You can also compute more detailed comparisons. Let’s return to the example with gender differences:
Możemy też wyliczyć bardziej rozbudowane porównania. Wróćmy do przykładu z różnicami ze względu na płeć:
. repest TIMSS , estimate(freq ASMIBM0@) over(ITSEX, test) svyparms(NREP(152))
over ITSEX = 1 2
_pooled - ITSEX = 1 .....
_pooled - ITSEX = 2 .....
_pooled : _pooled
------------------------------------------------------------------------------
| Coefficient Std. err. z P>|z| [95% conf. interval]
-------------+----------------------------------------------------------------
ITSEX=1 |
ASMIBM0__1 | 3.807798 .6125007 6.22 0.000 2.607318 5.008277
ASMIBM0__2 | 14.41528 .9742022 14.80 0.000 12.50588 16.32468
ASMIBM0__3 | 34.56772 1.225612 28.20 0.000 32.16556 36.96988
ASMIBM0__4 | 35.13991 1.570727 22.37 0.000 32.06135 38.21848
ASMIBM0__5 | 12.06929 1.349484 8.94 0.000 9.424351 14.71423
-------------+----------------------------------------------------------------
ITSEX=2 |
ASMIBM0__1 | 3.829155 .5573351 6.87 0.000 2.736798 4.921511
ASMIBM0__2 | 12.0337 1.033463 11.64 0.000 10.00815 14.05925
ASMIBM0__3 | 30.31861 1.280613 23.68 0.000 27.80865 32.82856
ASMIBM0__4 | 37.15851 1.629268 22.81 0.000 33.9652 40.35182
ASMIBM0__5 | 16.66003 1.167054 14.28 0.000 14.37265 18.94741
-------------+----------------------------------------------------------------
ITSEX=d |
ASMIBM0__1 | .0213571 .7412523 0.03 0.977 -1.431471 1.474185
ASMIBM0__2 | -2.381582 1.325725 -1.80 0.072 -4.979955 .2167903
ASMIBM0__3 | -4.24911 1.629858 -2.61 0.009 -7.443573 -1.054647
ASMIBM0__4 | 2.018596 2.418225 0.83 0.404 -2.721038 6.75823
ASMIBM0__5 | 4.590739 1.858332 2.47 0.013 .9484761 8.233002
------------------------------------------------------------------------------Comparing the percentages of students at different proficiency levels shows that boys more often attain the highest level (625+) and less often the lower levels.

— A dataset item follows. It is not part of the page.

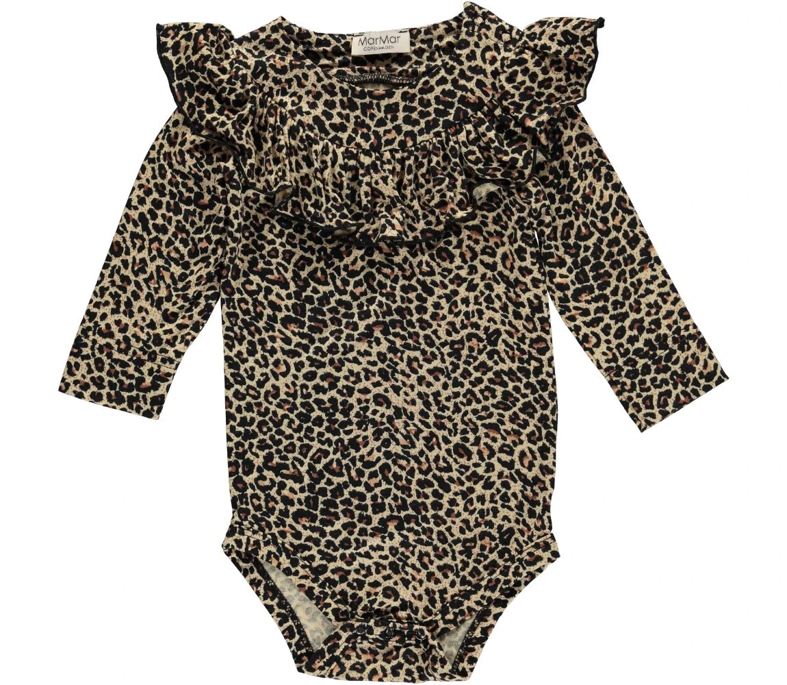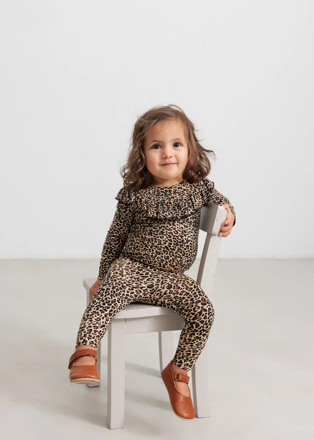 Long-sleeved leopard bodystocking with a ruffle collar, closed with snaps on the left shoulder and between the legs for easy diaper changes.

For example, 16.7% of boys reach the highest level, compared to 12.1% of girls. This difference is statistically significant.
The largest differences appear at levels 3 and 5—boys are less often at level 3 (30.3% vs 34.6%) and more often at the highest level (16.7% vs 12.1%). This suggests that there are more high-achieving boys than girls, although differences in means were moderate.